В Москве человек с утра выходит на работу и проживает день на одном дыхании, вернувшись домой, ему нужно успеть «выдохнуть», перезарядиться и снова быть готовым к следующему дню. Лобби и даже лифтовая кабина играет в этом важную роль. Человек в ожидании лифта проводит много времени. Эти пространства очень важны именно для плавного переключения с улицы на домашнюю атмосферу. Благо в столице конкуренция высокая, строится очень много новых ЖК, все должны найти правильный баланс, занять верную нишу и выделиться на фоне конкурентов. Естественно, общественные интерьеры тоже становятся одним из важнейших факторов этого процесса.
— Какие сегодня можно выделить тренды в современной московской архитектуре?

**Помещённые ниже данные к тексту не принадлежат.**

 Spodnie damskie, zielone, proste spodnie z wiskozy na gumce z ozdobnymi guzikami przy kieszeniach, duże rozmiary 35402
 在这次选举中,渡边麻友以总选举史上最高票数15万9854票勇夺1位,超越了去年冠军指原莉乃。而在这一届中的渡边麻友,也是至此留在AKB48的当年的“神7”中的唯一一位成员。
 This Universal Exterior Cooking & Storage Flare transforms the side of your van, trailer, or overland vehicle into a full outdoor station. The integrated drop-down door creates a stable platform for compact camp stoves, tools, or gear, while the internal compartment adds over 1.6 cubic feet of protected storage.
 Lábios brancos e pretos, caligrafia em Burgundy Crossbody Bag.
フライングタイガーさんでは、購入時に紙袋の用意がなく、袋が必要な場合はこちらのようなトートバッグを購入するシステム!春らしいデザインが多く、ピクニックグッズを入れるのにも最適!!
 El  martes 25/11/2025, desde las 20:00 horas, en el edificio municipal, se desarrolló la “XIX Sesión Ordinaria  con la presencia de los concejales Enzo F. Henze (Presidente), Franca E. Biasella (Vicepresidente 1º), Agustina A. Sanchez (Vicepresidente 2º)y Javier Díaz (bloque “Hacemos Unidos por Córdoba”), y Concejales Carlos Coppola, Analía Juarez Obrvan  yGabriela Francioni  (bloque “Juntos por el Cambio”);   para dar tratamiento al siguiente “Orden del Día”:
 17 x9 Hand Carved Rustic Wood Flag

— Мне кажется, в тренде сейчас уникальность. Девелоперы все меньше экономят на своих проектах. Конкуренция, как я уже говорил, настолько высокая, что остальных нужно как-то побеждать, не экономить на решениях, материалах. В «Павелецкая Сити» у нас все светильники и библиотеки авторского дизайна, например. Совершенно по-другому стали относиться к арту, причем во всем мире. Этот тренд в последние годы получил особое развитие. Девелоперы сами начали осознавать его необходимость.
Если еще несколько лет назад, когда я спрашивал, что у нас будет с артом в пространстве, мне не могли ничего ответить, а просто просили сделать «красиво», то сейчас мы перешли на другой формат работы. С самого начала продумываем, как декор связывается с маркетингом и идеей проекта. Девелоперские компании выделяют необходимые деньги на создание арт-концепции.

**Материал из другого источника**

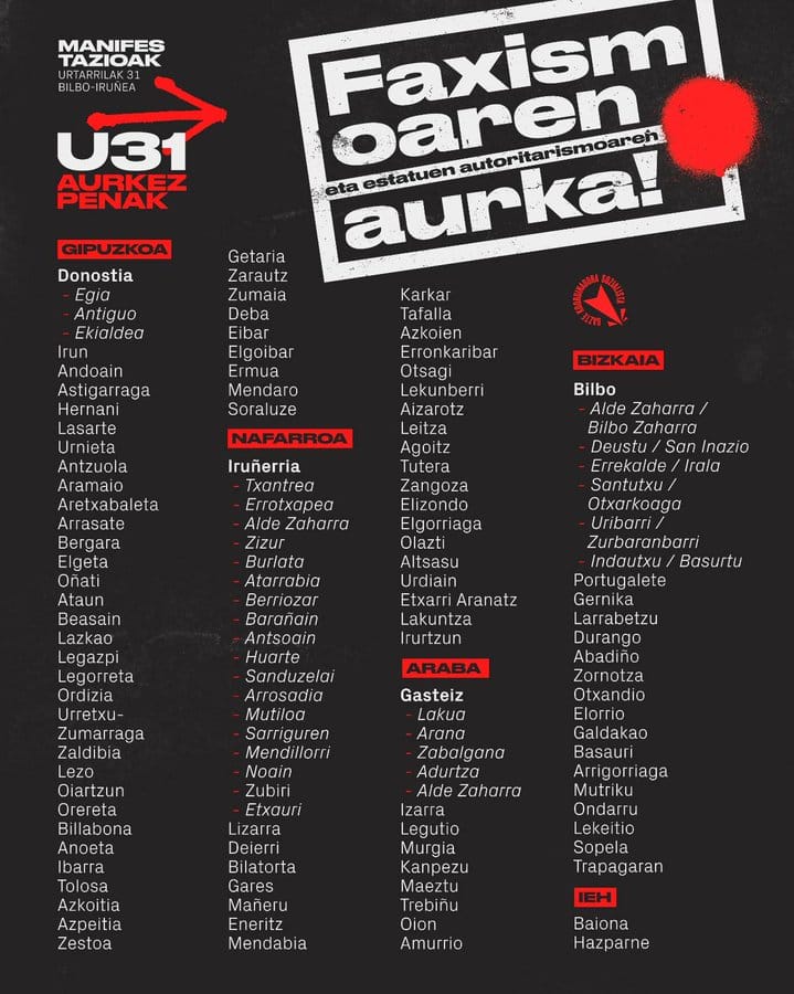Ha organizado manifestaciones para el 31 de enero en Iruñea y Bilbo. Durante las próximas semanas, celebrará presentaciones en múltiples pueblos y barrios de Euskal Herria.
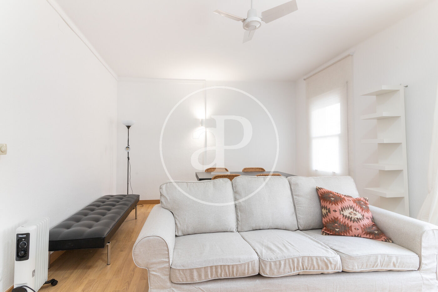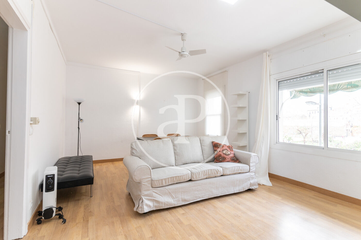 En el remodelado y vibrante barrio de Sants, a un paso de la estación de Sants, rodeado de restaurantes y comercios de la ciudad condal, nos encontramos con este luminoso piso exterior de 73m2 amueblado y con electrodomésticos. No dispone de AC.

У частных клиентов 10 лет назад было так: мы создавали интерьеры, и людям было неважно, какие картины наполнят помещения, какие скульптуры в них будут стоять. Требовалась только общая атмосфера. Сейчас все иначе, появился французский тренд, когда каждый предмет становится важным — будь это журнальный столик или диван. Люди почувствовали, что меняется отношение к предмету как таковому, это коснулось и девелоперских проектов. Работать над проектом «Павелецкая Сити» было легко, потому что вся концепция подчинена понятной идее кинематографа, каждая башня посвящена известному актеру или актрисе. Все пространства мы наполняли фотографиями звезд Голливуда, ассоциативными предметами.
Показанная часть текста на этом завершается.